• What to produce: Return all lines of the data in which the string "wall" occurs.

• Provided entries:
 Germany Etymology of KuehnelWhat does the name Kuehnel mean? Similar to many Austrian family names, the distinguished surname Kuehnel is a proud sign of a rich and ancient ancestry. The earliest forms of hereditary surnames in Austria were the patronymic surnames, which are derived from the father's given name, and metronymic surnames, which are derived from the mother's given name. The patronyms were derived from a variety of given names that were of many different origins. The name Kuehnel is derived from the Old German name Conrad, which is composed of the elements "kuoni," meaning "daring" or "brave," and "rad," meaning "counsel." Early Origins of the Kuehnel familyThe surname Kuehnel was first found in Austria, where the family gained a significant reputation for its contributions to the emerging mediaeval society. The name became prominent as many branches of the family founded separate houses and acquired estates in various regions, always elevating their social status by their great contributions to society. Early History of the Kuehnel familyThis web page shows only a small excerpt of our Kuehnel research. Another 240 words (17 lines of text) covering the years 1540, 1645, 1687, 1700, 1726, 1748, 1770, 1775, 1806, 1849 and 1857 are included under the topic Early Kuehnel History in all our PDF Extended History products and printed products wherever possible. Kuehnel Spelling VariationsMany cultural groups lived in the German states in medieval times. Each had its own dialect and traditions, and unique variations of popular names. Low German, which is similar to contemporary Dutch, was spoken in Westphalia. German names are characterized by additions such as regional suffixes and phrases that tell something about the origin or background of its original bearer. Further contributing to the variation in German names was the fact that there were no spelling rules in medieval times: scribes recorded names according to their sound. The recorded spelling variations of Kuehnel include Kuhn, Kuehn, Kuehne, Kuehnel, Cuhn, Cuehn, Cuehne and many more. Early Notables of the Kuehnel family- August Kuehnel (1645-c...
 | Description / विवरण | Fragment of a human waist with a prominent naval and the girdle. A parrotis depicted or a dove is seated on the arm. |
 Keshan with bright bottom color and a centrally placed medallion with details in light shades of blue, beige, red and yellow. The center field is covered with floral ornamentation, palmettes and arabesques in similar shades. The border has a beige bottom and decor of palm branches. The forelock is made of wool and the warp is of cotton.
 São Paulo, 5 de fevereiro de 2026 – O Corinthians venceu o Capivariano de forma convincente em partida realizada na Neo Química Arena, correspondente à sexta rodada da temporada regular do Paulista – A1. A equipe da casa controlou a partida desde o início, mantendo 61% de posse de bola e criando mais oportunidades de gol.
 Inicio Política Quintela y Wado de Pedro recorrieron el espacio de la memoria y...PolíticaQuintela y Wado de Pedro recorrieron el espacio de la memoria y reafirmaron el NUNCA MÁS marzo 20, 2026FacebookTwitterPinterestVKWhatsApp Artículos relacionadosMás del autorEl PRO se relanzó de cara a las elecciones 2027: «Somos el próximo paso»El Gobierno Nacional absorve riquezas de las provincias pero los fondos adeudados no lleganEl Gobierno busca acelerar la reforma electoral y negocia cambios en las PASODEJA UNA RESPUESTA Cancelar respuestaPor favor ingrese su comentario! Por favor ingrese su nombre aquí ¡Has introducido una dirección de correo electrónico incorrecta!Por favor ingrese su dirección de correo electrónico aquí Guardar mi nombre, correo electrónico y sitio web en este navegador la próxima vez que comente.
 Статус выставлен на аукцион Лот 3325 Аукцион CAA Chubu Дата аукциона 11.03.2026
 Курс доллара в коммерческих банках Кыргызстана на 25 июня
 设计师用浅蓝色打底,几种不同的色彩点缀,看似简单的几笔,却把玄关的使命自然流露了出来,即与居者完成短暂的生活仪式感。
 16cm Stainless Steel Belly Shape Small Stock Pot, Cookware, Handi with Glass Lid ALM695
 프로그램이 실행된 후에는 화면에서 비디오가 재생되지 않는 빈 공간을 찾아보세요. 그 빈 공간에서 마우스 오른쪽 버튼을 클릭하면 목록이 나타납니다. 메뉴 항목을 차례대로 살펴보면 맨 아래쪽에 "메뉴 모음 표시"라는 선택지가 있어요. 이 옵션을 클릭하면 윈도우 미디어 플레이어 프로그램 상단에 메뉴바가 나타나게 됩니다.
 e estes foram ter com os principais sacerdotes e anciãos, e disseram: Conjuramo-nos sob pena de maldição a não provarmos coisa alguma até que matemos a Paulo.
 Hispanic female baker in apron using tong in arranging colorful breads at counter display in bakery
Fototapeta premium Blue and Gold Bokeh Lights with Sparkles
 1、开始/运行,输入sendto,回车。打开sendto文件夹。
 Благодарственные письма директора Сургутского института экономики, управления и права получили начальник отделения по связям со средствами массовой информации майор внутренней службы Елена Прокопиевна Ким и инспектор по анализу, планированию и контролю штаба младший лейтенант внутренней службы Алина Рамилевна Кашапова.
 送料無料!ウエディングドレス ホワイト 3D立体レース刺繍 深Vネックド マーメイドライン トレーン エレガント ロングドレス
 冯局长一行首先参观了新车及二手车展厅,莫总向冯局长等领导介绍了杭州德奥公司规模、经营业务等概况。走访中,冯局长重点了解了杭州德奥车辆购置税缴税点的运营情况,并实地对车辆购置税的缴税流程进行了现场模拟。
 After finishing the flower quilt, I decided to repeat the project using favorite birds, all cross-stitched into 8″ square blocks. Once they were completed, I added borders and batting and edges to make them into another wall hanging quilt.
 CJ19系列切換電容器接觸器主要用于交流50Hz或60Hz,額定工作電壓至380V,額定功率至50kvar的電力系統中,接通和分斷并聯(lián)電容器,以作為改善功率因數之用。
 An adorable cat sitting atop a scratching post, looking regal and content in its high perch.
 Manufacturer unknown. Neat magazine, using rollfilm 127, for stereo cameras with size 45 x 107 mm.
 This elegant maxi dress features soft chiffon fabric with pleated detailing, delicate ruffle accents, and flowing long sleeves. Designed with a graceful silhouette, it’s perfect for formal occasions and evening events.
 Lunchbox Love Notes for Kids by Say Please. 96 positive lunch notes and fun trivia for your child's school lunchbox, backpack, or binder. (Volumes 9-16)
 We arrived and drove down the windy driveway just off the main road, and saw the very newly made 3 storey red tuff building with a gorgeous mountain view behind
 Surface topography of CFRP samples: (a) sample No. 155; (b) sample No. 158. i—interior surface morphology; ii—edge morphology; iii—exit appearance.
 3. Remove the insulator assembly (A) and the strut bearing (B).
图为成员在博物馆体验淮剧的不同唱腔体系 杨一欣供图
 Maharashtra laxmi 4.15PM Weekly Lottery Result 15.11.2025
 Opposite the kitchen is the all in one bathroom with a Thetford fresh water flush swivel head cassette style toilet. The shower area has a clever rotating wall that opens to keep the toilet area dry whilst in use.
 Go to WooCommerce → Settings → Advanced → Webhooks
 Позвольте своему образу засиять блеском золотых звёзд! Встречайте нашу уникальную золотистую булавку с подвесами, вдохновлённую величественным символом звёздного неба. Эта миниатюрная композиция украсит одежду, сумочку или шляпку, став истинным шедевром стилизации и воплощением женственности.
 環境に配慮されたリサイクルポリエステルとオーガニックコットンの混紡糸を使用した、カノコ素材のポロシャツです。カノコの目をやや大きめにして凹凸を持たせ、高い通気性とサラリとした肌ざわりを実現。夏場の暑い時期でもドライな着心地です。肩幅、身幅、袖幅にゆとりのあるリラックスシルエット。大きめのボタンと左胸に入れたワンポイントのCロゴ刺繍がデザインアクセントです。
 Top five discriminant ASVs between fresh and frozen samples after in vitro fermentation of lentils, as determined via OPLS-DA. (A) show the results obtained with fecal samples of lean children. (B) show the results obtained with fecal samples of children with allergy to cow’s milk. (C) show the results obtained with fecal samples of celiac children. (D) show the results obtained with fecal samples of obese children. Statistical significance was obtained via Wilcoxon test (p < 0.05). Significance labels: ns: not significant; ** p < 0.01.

• Solution to this exercise:
 After finishing the flower quilt, I decided to repeat the project using favorite birds, all cross-stitched into 8″ square blocks. Once they were completed, I added borders and batting and edges to make them into another wall hanging quilt.
 Opposite the kitchen is the all in one bathroom with a Thetford fresh water flush swivel head cassette style toilet. The shower area has a clever rotating wall that opens to keep the toilet area dry whilst in use.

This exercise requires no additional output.